Mr Hunt’s plan to cut corporation tax to 12.5 per cent from the current 19 per cent would cost around £13bn per year initially, the IFS said, although this figure would likely decrease over time.

The think-tank said it was not “plausible” to suggest this could be offset by companies making bigger profits – meaning Mr Hunt would have to spell out how he would fund the cut.  

The foreign secretary’s promise to raise the threshold at which employees have to start paying national insurance was an effective way to help the low-paid, the IFS said, but it warned that the plan would cost at least £3bn each year for every £1,000 by which the threshold is raised.

Raising it to the current income tax personal allowance of £12,500 would cost at least £11bn per year, it said, although such a move would stop 2.4 million workers having to pay national insurance entirely.

Mr Hunt’s pledge to cut the rate of interest on student loans would only cost £1bn, according to the IFS, although it would only benefit the highest earning 30 per cent of graduates.

The foreign secretary has said he would fund his pledge partly by decreasing the rate at which the government pays off the UK’s debt, although he has promised to ensure that debt as a proportion of GDP will continue to fall.

Paul Johnson, director of the IFS, said: “Like his rival, Jeremy Hunt has made some expensive pledges in his campaign to become prime minister. Cutting the corporate tax rate to 12.5 per cent could cost £13bn a year in the short run. While the long run cost is likely smaller this is not a tax cut that could pay for itself as some have suggested.

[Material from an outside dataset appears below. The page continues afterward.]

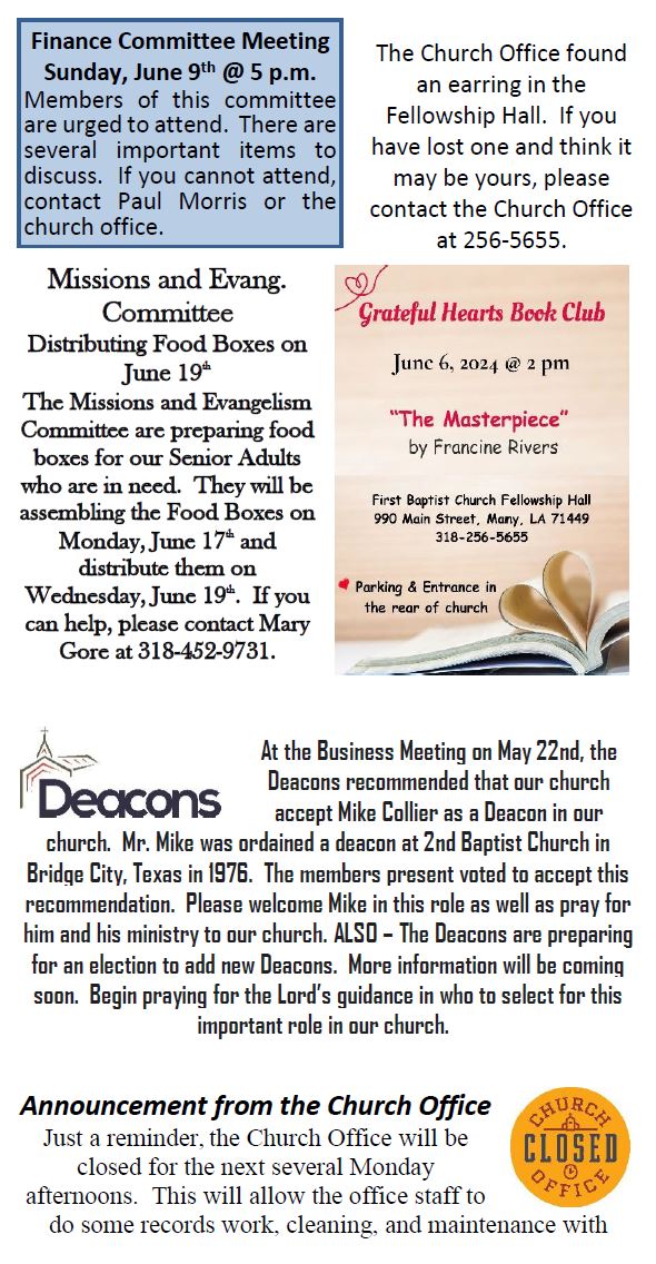 Sunday Bulletin -  June 2, 2024

“More radical relative to recent history is his proposal for a significant increase in defence spending. A £15bn increase, alongside the proposed corporate tax cut, would leave no scope to relieve the pressure on other areas of public spending without tax rises or a fiscal stance which risked putting debt on a rising path”.

A spokesperson for Mr Hunt said: “Jeremy’s pledges are designed to turbocharge our economy, attracting inward investment and driving growth. By growing our economy we can afford to invest in our public services, support the lowest paid and ensure that Britain walks tall in the world again, all while ensuring that debt continues to fall.”